## What the task asks:
Output the complete listing exactly, please, and keep the pictures out of it.

## Data:
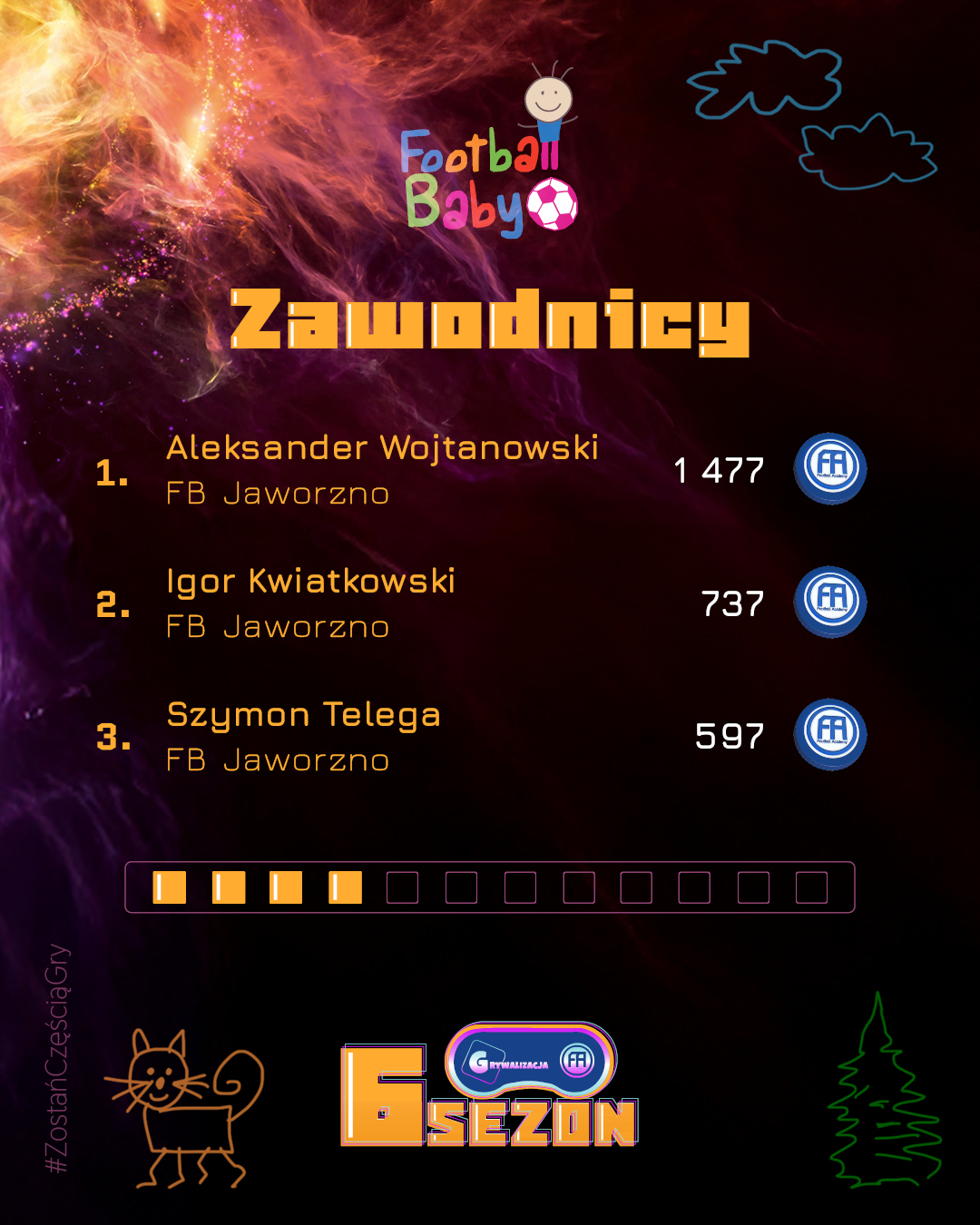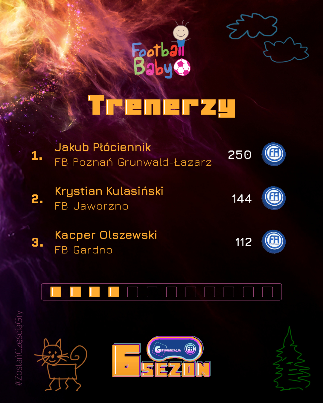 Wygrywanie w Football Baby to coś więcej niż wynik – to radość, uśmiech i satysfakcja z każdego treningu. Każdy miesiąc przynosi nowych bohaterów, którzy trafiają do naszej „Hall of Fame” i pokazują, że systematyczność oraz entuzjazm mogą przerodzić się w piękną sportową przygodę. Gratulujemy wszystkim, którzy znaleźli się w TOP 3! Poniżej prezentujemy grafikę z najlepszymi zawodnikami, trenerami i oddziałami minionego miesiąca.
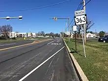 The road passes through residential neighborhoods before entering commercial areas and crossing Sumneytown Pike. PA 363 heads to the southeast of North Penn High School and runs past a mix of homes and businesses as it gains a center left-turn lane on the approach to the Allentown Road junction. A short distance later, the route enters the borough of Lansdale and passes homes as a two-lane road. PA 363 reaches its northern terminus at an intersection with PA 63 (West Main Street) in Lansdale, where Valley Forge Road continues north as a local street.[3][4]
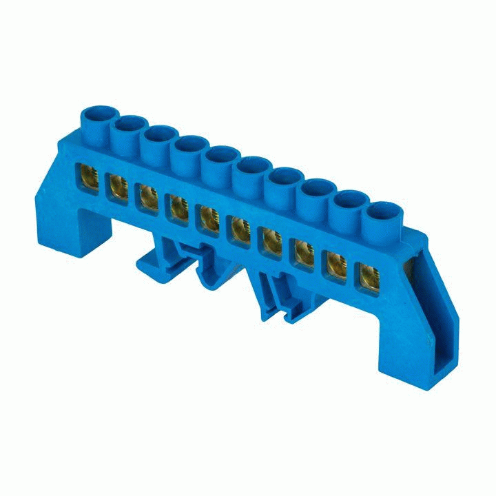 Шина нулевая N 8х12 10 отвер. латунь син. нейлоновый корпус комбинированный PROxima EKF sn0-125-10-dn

## Output for this task:
 Wygrywanie w Football Baby to coś więcej niż wynik – to radość, uśmiech i satysfakcja z każdego treningu. Każdy miesiąc przynosi nowych bohaterów, którzy trafiają do naszej „Hall of Fame” i pokazują, że systematyczność oraz entuzjazm mogą przerodzić się w piękną sportową przygodę. Gratulujemy wszystkim, którzy znaleźli się w TOP 3! Poniżej prezentujemy grafikę z najlepszymi zawodnikami, trenerami i oddziałami minionego miesiąca.
 The road passes through residential neighborhoods before entering commercial areas and crossing Sumneytown Pike. PA 363 heads to the southeast of North Penn High School and runs past a mix of homes and businesses as it gains a center left-turn lane on the approach to the Allentown Road junction. A short distance later, the route enters the borough of Lansdale and passes homes as a two-lane road. PA 363 reaches its northern terminus at an intersection with PA 63 (West Main Street) in Lansdale, where Valley Forge Road continues north as a local street.[3][4]
 Шина нулевая N 8х12 10 отвер. латунь син. нейлоновый корпус комбинированный PROxima EKF sn0-125-10-dn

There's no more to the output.